**RECORD EXCERPTS**
▼
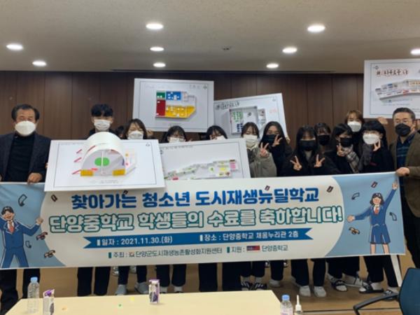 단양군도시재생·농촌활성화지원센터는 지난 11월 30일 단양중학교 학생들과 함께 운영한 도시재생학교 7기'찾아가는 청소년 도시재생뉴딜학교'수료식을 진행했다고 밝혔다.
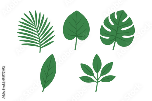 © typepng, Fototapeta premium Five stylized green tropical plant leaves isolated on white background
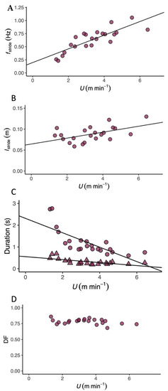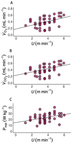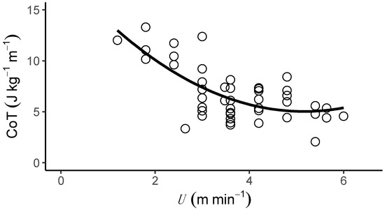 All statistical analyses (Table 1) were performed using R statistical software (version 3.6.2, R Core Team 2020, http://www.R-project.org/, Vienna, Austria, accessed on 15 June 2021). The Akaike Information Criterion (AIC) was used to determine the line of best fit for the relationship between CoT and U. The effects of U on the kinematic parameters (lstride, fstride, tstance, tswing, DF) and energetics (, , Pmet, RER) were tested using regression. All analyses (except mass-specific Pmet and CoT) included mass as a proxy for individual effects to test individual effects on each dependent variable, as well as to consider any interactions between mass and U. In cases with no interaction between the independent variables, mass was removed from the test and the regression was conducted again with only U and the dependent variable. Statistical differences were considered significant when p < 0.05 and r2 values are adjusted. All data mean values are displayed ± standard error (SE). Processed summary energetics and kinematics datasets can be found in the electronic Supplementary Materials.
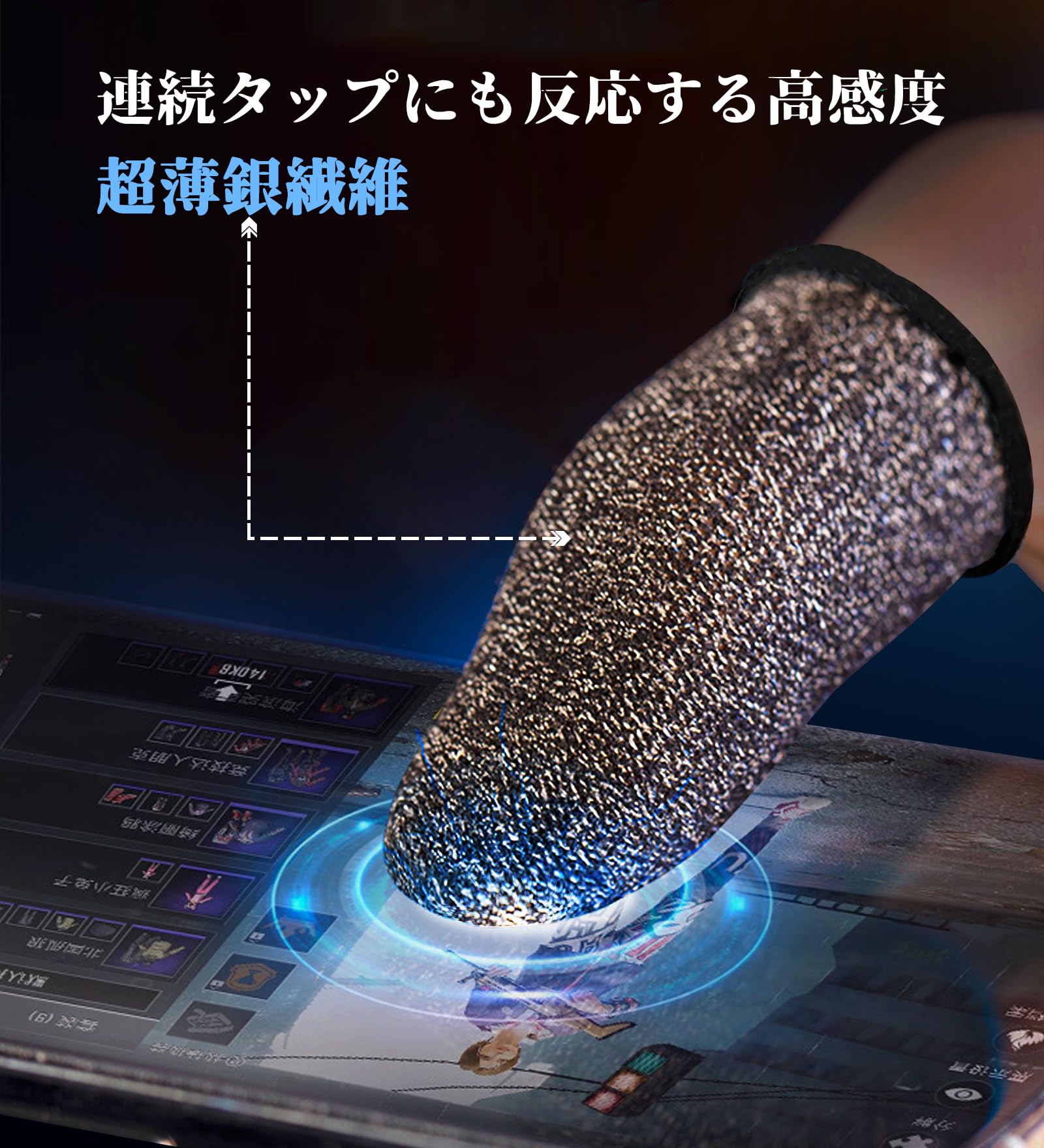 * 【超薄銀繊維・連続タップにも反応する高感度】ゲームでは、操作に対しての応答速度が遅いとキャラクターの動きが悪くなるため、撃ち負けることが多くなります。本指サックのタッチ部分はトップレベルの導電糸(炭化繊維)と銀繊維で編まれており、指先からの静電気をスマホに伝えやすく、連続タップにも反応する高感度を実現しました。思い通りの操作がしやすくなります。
▲
▼
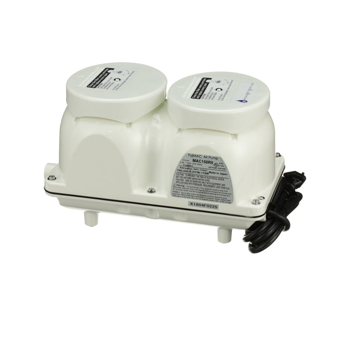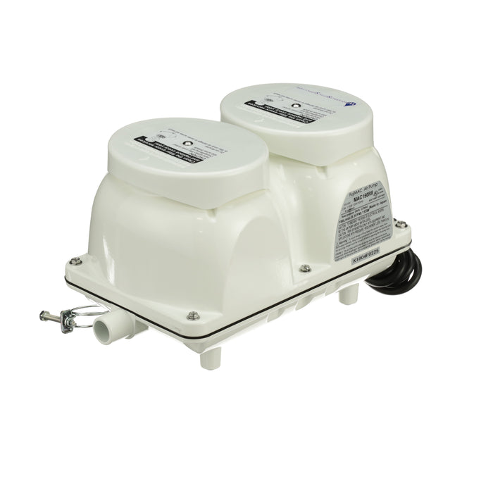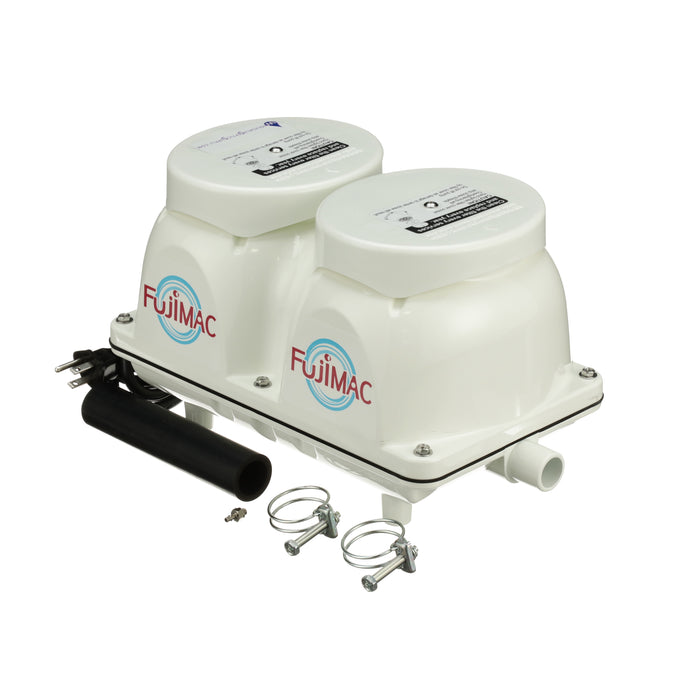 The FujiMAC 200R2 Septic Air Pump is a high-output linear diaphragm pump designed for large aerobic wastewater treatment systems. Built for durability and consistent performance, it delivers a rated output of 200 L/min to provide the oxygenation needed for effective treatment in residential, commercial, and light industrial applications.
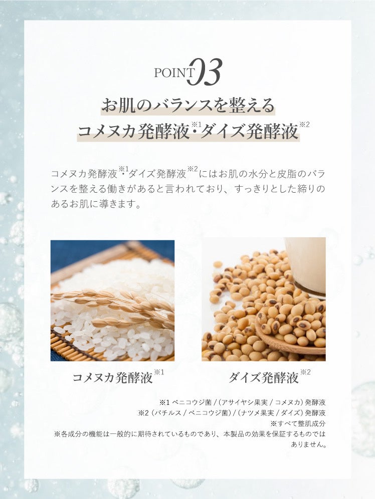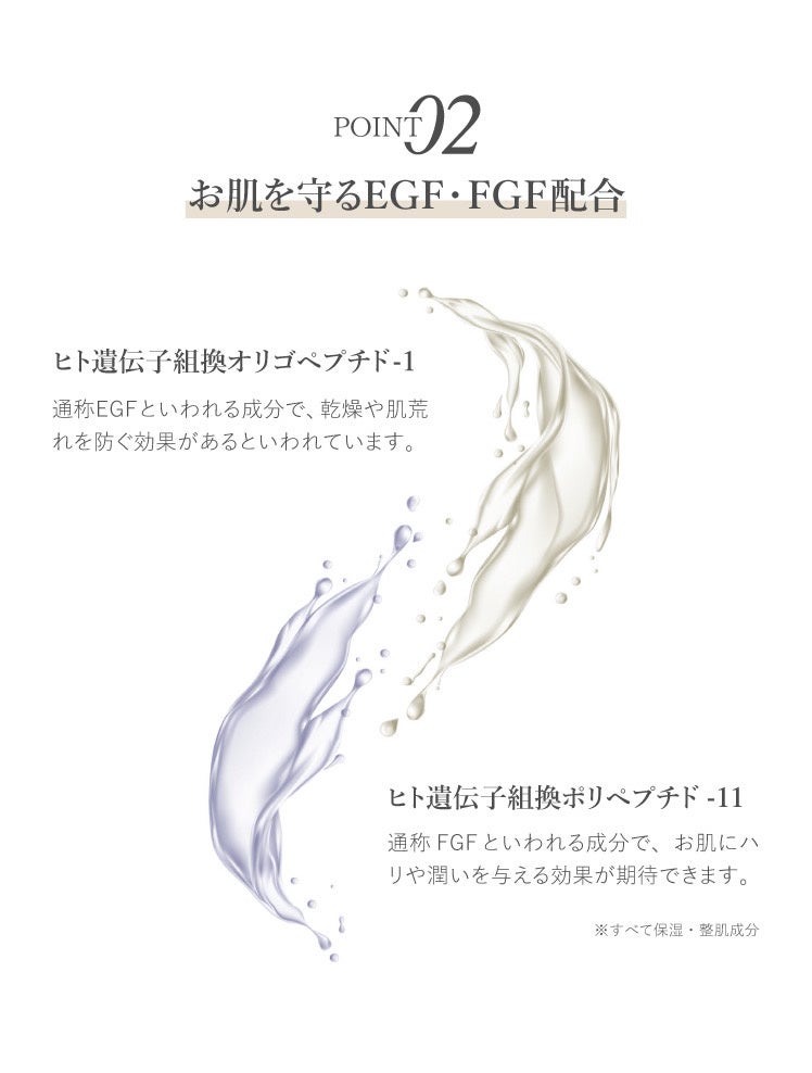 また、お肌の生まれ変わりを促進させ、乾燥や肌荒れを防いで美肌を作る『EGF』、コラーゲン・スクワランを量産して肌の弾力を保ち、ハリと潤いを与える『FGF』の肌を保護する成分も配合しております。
▲
▼
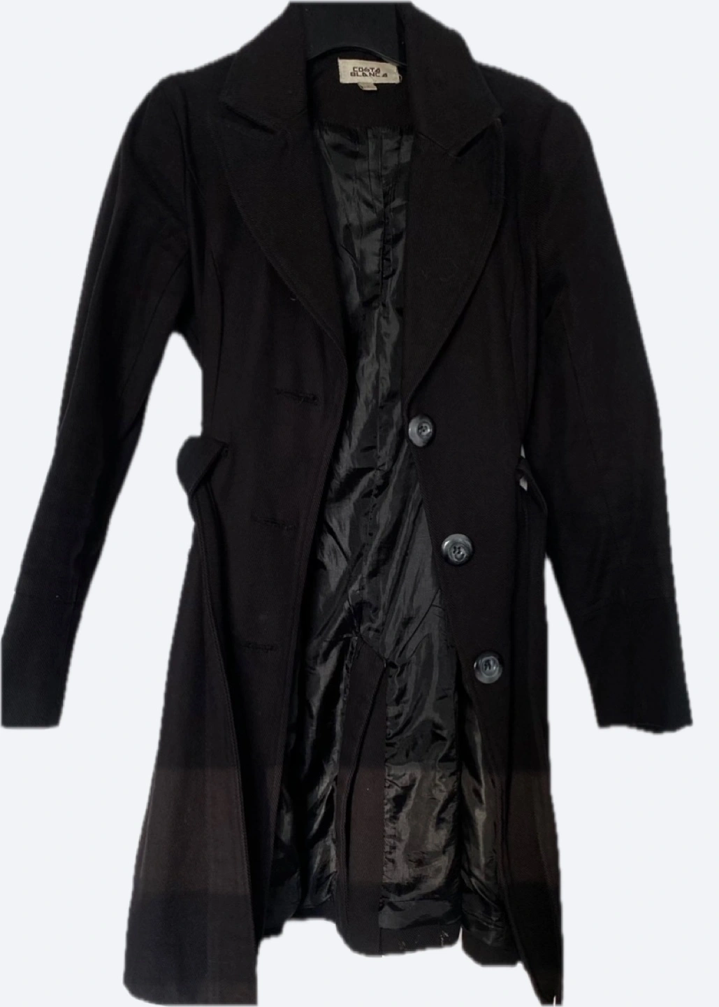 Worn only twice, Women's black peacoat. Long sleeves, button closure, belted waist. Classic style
▲
**TASK DETAILS**
Repeat exactly, and only, the entries from the line with "단양군도시재생·농촌활성화지원센터는 지난 11월" through the line with "on white background". Pictures are skipped.

**RESPONSE**
 단양군도시재생·농촌활성화지원센터는 지난 11월 30일 단양중학교 학생들과 함께 운영한 도시재생학교 7기'찾아가는 청소년 도시재생뉴딜학교'수료식을 진행했다고 밝혔다.
 © typepng, Fototapeta premium Five stylized green tropical plant leaves isolated on white background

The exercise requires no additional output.